┏━━

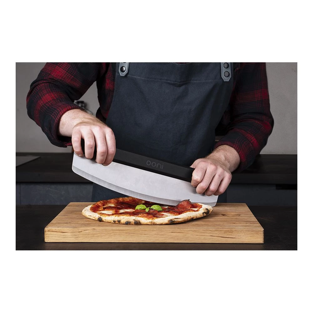 Skær hele pizzaer i to med et hurtigt skridt ved hjælp af Ooni Pizza Cutter Rocker Blade. Det ultraspit rustfrie stålblad er 14 tommer langt og afsluttet med et behageligt let grebgreb.
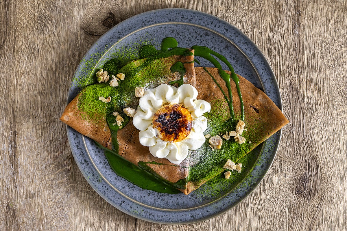 抹茶ショコラとクレームブリュレのクレープ
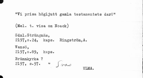 //// "Ti prisa högljutt gamla testamentets dar!" //// (Mel. t. visa om Noack) 3dml.Strängnäs, //// 2197,s.24, kaps. Ringström,A. Vansö, //// 2197,s.89, kaps. Brännkyrka ? //// 2197, s.97. » //// ULMA. //// Ik ////
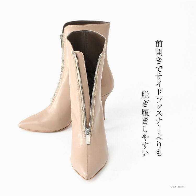 ▼特徴:フロントジップ ファスナー付き ショート ブーツ きれいめ 革 黒 ブラック グレージュ ベージュ 8cm ヒール 疲れない 小さいサイズ 大きいサイズ
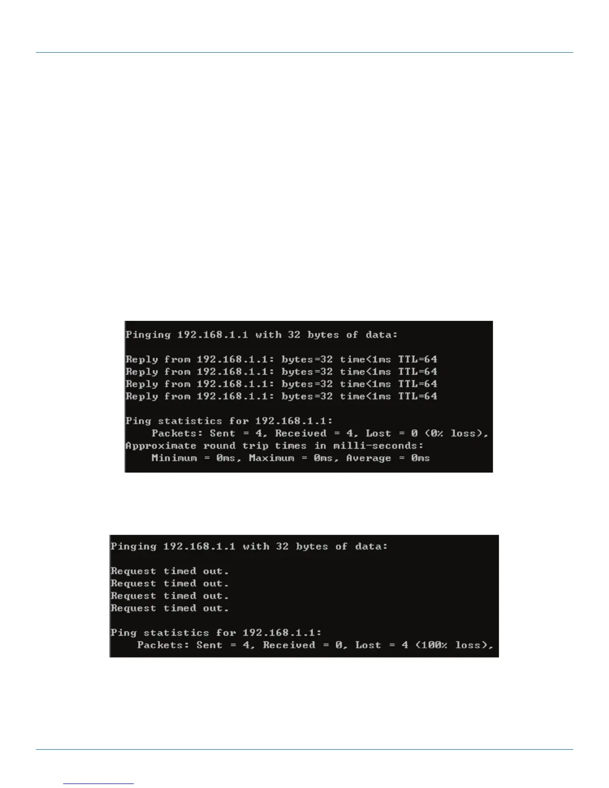 Open a command prompt, type ping 192.168.1.1, and then press Enter.
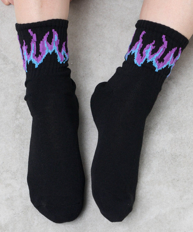 目を引くファイヤーパターンのソックスは、トレンドに左右されないデザイン。
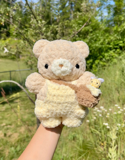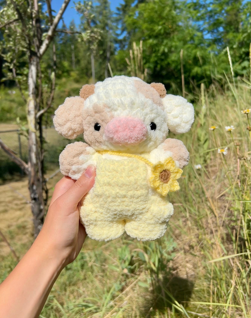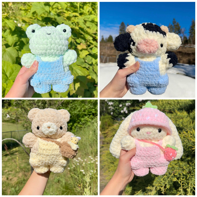 This bundle includes 4 patterns: bunny in overalls + hat, cow in overalls, frog in overalls, and honey bear in overalls + honey pot bag! All patterns are beginner-intermediate.
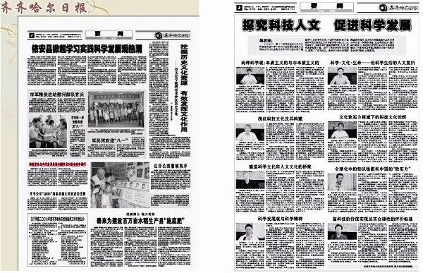 7月31日出版的《齐齐哈尔日报》要闻版对此次学术会议情况作了热忱报道。8月5日出版的《齐齐哈尔日报》要闻版专版遴选了清华大学卢风教授、华南理工大学彭纪南教授、华中科技大学万小龙教授、中国科学院孟建伟教授、浙江工商大学徐炎章教授、武汉理工大学杨怀中教授、东南大学吕乃基教授、tyc1286太阳集团王树松教授等8位专家的《高科技的价值实现及其合理性的评价标准》等8篇代表性学术论文,以图文并茂的形式作了题为“探究科技人文 促进科学发展”的整版的大篇幅报道,产生了积极而广泛的社会影响。

┗━━

All that is wanted is each line, word for word, from the first line of the data to the one holding "ULMA. //// Ik ////", with the pictures left out.

 Skær hele pizzaer i to med et hurtigt skridt ved hjælp af Ooni Pizza Cutter Rocker Blade. Det ultraspit rustfrie stålblad er 14 tommer langt og afsluttet med et behageligt let grebgreb.
 抹茶ショコラとクレームブリュレのクレープ
 //// "Ti prisa högljutt gamla testamentets dar!" //// (Mel. t. visa om Noack) 3dml.Strängnäs, //// 2197,s.24, kaps. Ringström,A. Vansö, //// 2197,s.89, kaps. Brännkyrka ? //// 2197, s.97. » //// ULMA. //// Ik ////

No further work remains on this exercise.